What do these things do? Their main purpose is to make a person appear more good-looking. Then why do people want to look good? The key in this is that when someone looks nice and well-dressed, at least to themselves, they think that others will feel more positively towards them—and in general, this is true. When they have the knowledge that they will appear “more desirable” in other people’s eyes, they feel more self-worth. Some women describe going outside without makeup on as being naked, which only shows the extent of their reliance on makeup to boost their own confidence. If this is the case, then women’s love for these products suddenly looks much more logical. My opinion on this is that women buy them for the self-confidence and good feelings these things create.

Essentially, a woman wears nice clothes and makeup to make others appreciate her better, which in turn makes her feel more content with herself. A new garment is not only that, but also a bit more of confidence. How could one be blamed for seeking that?

The reason for these feelings? The media, presumably. It produces magazine after magazine full of photoshopped pictures of girls and women looking glamorous, leading people to mistakenly think that it is the norm. This puts a lot of pressure on the women of today, who have to endeavor to appear perfect. This is not helped by the fact that an increasing number of people are judging people by their appearance.

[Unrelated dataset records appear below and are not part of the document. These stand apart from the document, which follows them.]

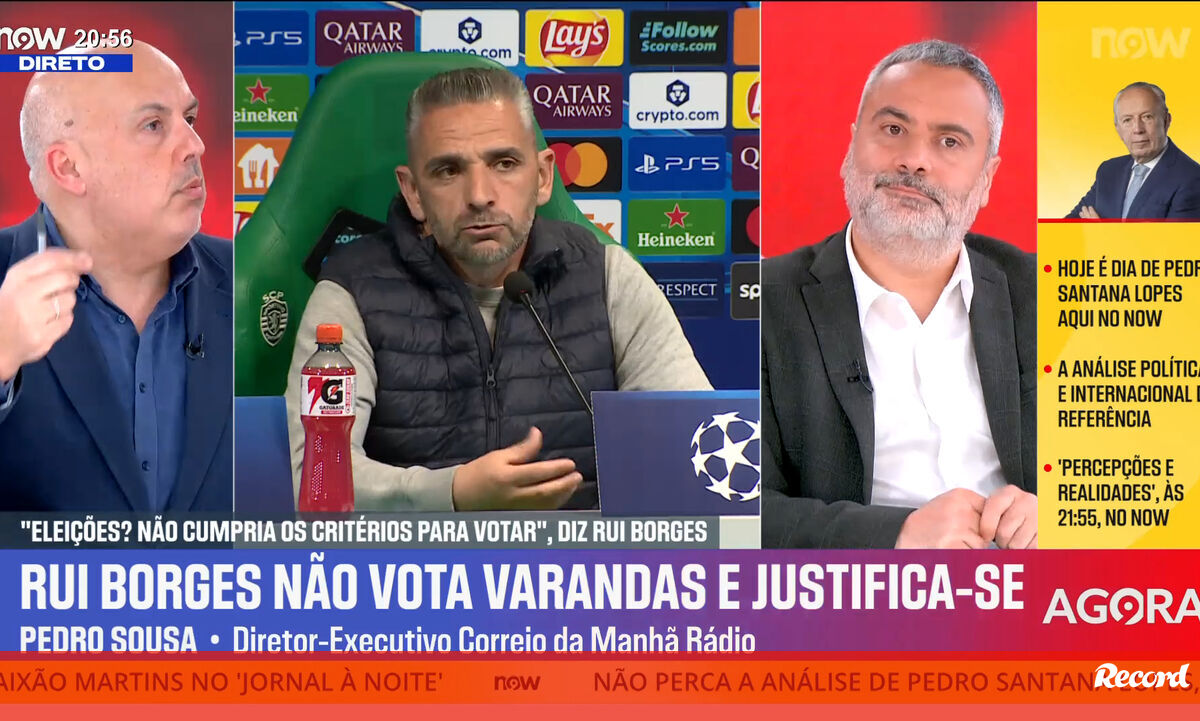Sérgio Krithinas, diretor excecutivo de Record, Rafael Soares, jornalista de Record, e Pedro Sousa, diretor executivo da CM Rádio, em análise no programa 'Record na Hora' no Now sobre o facto de Rui Borges, treinador do Sporting, não ter votado nas eleições presidenciais do clube por não reunir os "critérios certo".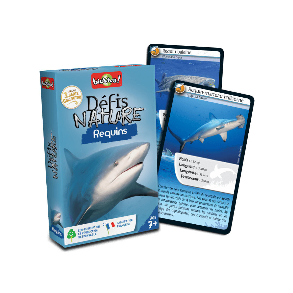 Défis Nature : RequinsDéfis Nature vous emmène à la rencontre des requins les plus étonnants de notre planète. Découvrez les espèces à préserver, puis pariez sur les points forts de vos squales pour collecter toutes les cartes du jeu et remporter la partie. Alors, prêts à relever le défi ?Fabriqué en France / Jeu éco-conçu / Fabrication responsable.Contenu : 37 cartes illustrées - 1 règle du jeu.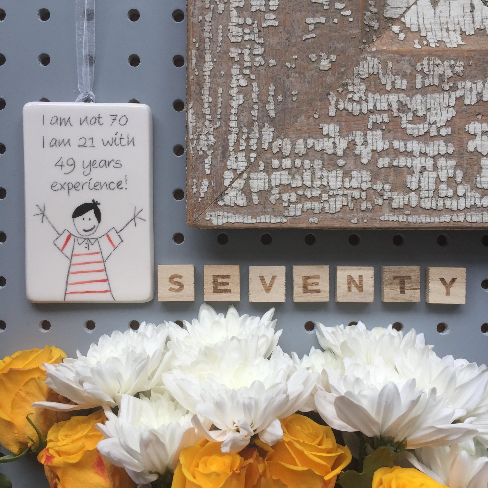 Our hand painted ceramic plaques are the perfect gift to commemorate a special loved one's 70th birthday.

Perhaps instead of succumbing to the pressure, women should seek better ways to feel good about themselves. Some manage to do this, and lead happy, healthy lives. In most cases, those who do give in to it are unconfident and vulnerable to others’ opinions, and they live in their facade of wellbeing—using their possessions and good looks as a shield.

Although women such as the aforementioned have much to rethink about, we as a society have our responsibility to stop pressurizing women to look like celebrities and models—and learn to accept each person the way they are. It’s about time everyone realized that people should judge others by who they are, not what they look like.

******

I am sorry. Imagine that I have apologized profusely, and that I have promised to write proper blog posts soon. Ignore that I have done neither of those things. Actually, I’m just too tired to do anything much at the moment because of 1) kids with pianos, and 2) lots of books (guilty pleasures) to indulge in. Must…must…not fall asleep. If I give you another playlist…maybe not. You’ll either seek to strangle me or ignore my blog completely from now on. 

Please, just stick with the imaginary.